As Americans, we have a tendency to think that we would not have remained silent in the face of such atrocities. Pius has been widely criticized for his inaction. Yet the story of American diplomat Harry Bingham should make us all pause and consider what moral courage means. You’re probably heard of Harry Bingham’s father, Hiram Bingham. Hiram Bingham was the Yale historian who “discovered” the lost Incan city of Machu Picchu in 1911. But you probably haven’t heard of Harry Bingham. He was a U.S. diplomat in Vichy France. Bingham recognized the Nazis’ genocide plans early in the war, and he resisted them. He did whatever he could to save Jews. He issued visas, he confronted Nazi officers, he hid Jews. When necessary, he falsified papers. He was our Raoul Wallenberg, a diplomat who refused to turn a blind eye to Hitler’s plans.

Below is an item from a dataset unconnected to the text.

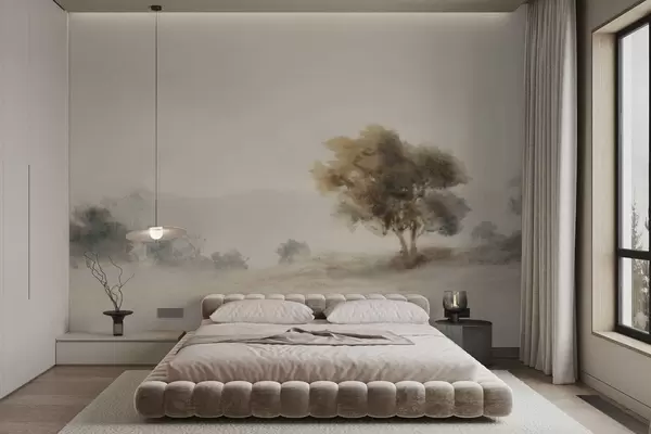 Fototapeten Minimalistische Landschaft mit einem einsamen Baum im Nebel N° w05223

But the U.S. State Department didn’t like what Bingham was doing. The official U.S. stance at the time was that there was no “Jewish problem,” and we refused entry to many refugees who fled to our country. The Roosevelt administration’s reluctance to recognize Hitler’s plans, and our refusal to accept Jewish refugees, represent one of the very darkest hours in U.S. history. Of course, we “officially” began to recognize the inhumanity of what had happened to the Jews when U.S. troops entered towns such as Dachau, outside of Munich, and discovered the concentration camps.

But sadly, Bingham wasn’t declared a hero for his courageous actions. In fact, for more than 50 years the U.S. State Department resisted any attempt to honor him. He had been a dangerous maverick who was eventually demoted and left the American diplomatic service. Harry Bingham died in 1988, unheralded. But an effort is now underway to change that. Israel has recognized him as a “Righteous Gentile,” and the Postal Service has been asked to issue a commemorative stamp on the 100th anniversary of his birth this July. A postage stamp seems such a small gesture for a man who is believed to have saved more than 2,000 lives. It is not easy to be a hero of conscience during a time of war.

This is Allen Gilbert.

Allen Gilbert of Worcester is a writer and parent who is active in education issues.